Records drawn from a dataset
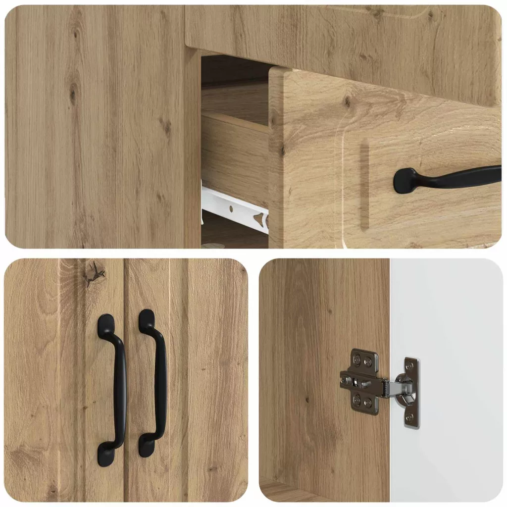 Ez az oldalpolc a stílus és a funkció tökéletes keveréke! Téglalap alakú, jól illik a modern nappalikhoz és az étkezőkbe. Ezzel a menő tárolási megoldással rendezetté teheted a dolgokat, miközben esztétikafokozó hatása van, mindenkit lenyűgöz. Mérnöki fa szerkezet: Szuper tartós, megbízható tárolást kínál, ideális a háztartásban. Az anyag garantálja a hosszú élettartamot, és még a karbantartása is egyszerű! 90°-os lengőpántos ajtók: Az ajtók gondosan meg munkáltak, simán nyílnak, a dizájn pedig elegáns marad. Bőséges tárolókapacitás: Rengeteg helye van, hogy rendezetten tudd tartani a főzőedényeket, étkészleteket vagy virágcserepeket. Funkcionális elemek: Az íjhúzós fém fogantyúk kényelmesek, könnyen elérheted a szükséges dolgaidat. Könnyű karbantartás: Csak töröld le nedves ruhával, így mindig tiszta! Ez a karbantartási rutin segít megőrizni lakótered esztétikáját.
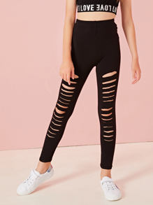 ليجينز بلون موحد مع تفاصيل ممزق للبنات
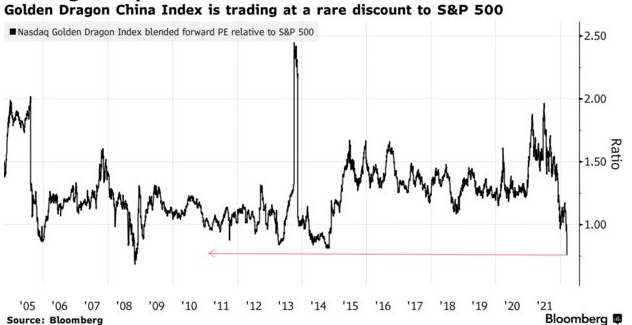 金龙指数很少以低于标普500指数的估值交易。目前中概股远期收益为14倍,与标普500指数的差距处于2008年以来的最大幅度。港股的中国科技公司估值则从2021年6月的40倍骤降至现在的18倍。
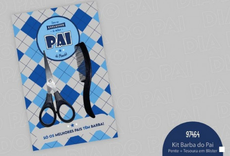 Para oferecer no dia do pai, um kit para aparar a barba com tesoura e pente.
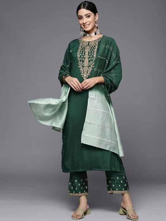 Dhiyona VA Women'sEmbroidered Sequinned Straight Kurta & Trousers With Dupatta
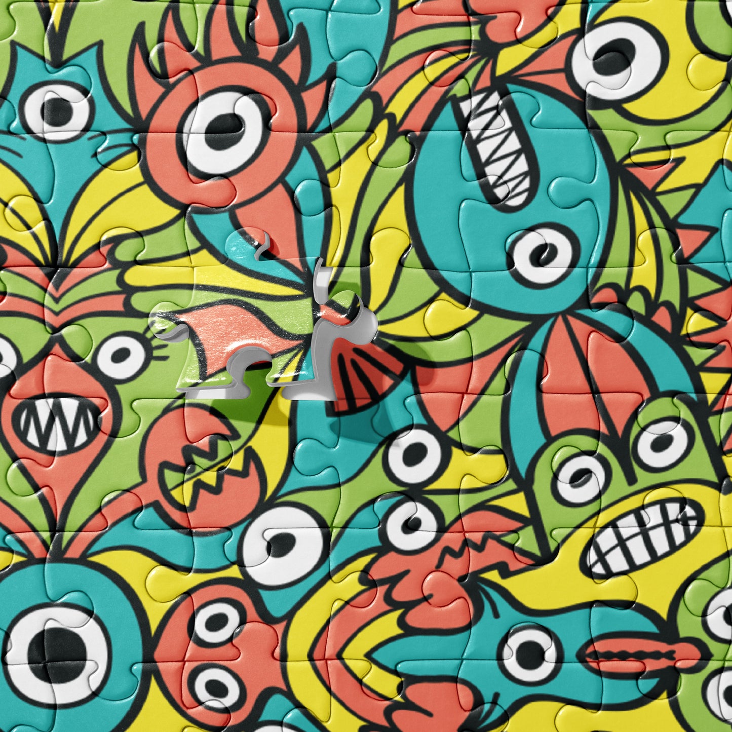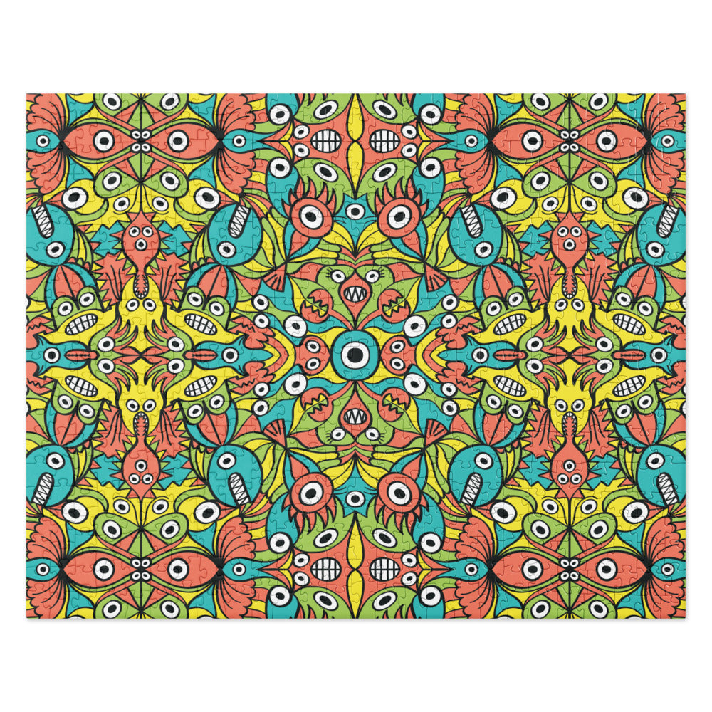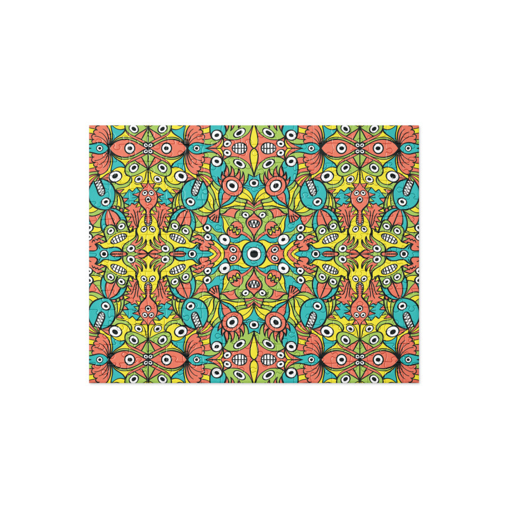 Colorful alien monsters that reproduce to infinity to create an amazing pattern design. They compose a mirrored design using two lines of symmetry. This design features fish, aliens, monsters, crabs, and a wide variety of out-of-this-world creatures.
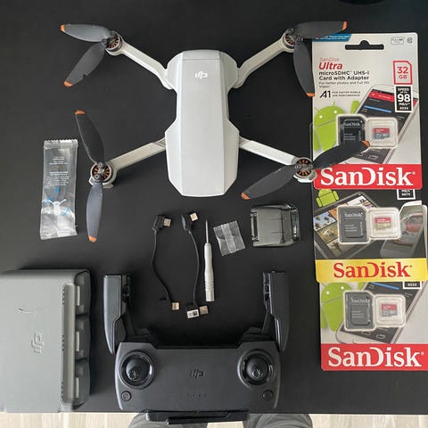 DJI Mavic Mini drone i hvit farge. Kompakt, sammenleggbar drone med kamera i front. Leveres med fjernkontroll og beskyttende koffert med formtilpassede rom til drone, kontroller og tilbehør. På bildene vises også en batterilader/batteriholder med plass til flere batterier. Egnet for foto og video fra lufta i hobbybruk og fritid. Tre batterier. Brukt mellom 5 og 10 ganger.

# EXERCISE DETAILS
Write the lines above out again exactly, excluding every picture.

# WRITTEN RESPONSE
 Ez az oldalpolc a stílus és a funkció tökéletes keveréke! Téglalap alakú, jól illik a modern nappalikhoz és az étkezőkbe. Ezzel a menő tárolási megoldással rendezetté teheted a dolgokat, miközben esztétikafokozó hatása van, mindenkit lenyűgöz. Mérnöki fa szerkezet: Szuper tartós, megbízható tárolást kínál, ideális a háztartásban. Az anyag garantálja a hosszú élettartamot, és még a karbantartása is egyszerű! 90°-os lengőpántos ajtók: Az ajtók gondosan meg munkáltak, simán nyílnak, a dizájn pedig elegáns marad. Bőséges tárolókapacitás: Rengeteg helye van, hogy rendezetten tudd tartani a főzőedényeket, étkészleteket vagy virágcserepeket. Funkcionális elemek: Az íjhúzós fém fogantyúk kényelmesek, könnyen elérheted a szükséges dolgaidat. Könnyű karbantartás: Csak töröld le nedves ruhával, így mindig tiszta! Ez a karbantartási rutin segít megőrizni lakótered esztétikáját.
 ليجينز بلون موحد مع تفاصيل ممزق للبنات
 金龙指数很少以低于标普500指数的估值交易。目前中概股远期收益为14倍,与标普500指数的差距处于2008年以来的最大幅度。港股的中国科技公司估值则从2021年6月的40倍骤降至现在的18倍。
 Para oferecer no dia do pai, um kit para aparar a barba com tesoura e pente.
 Dhiyona VA Women'sEmbroidered Sequinned Straight Kurta & Trousers With Dupatta
 Colorful alien monsters that reproduce to infinity to create an amazing pattern design. They compose a mirrored design using two lines of symmetry. This design features fish, aliens, monsters, crabs, and a wide variety of out-of-this-world creatures.
 DJI Mavic Mini drone i hvit farge. Kompakt, sammenleggbar drone med kamera i front. Leveres med fjernkontroll og beskyttende koffert med formtilpassede rom til drone, kontroller og tilbehør. På bildene vises også en batterilader/batteriholder med plass til flere batterier. Egnet for foto og video fra lufta i hobbybruk og fritid. Tre batterier. Brukt mellom 5 og 10 ganger.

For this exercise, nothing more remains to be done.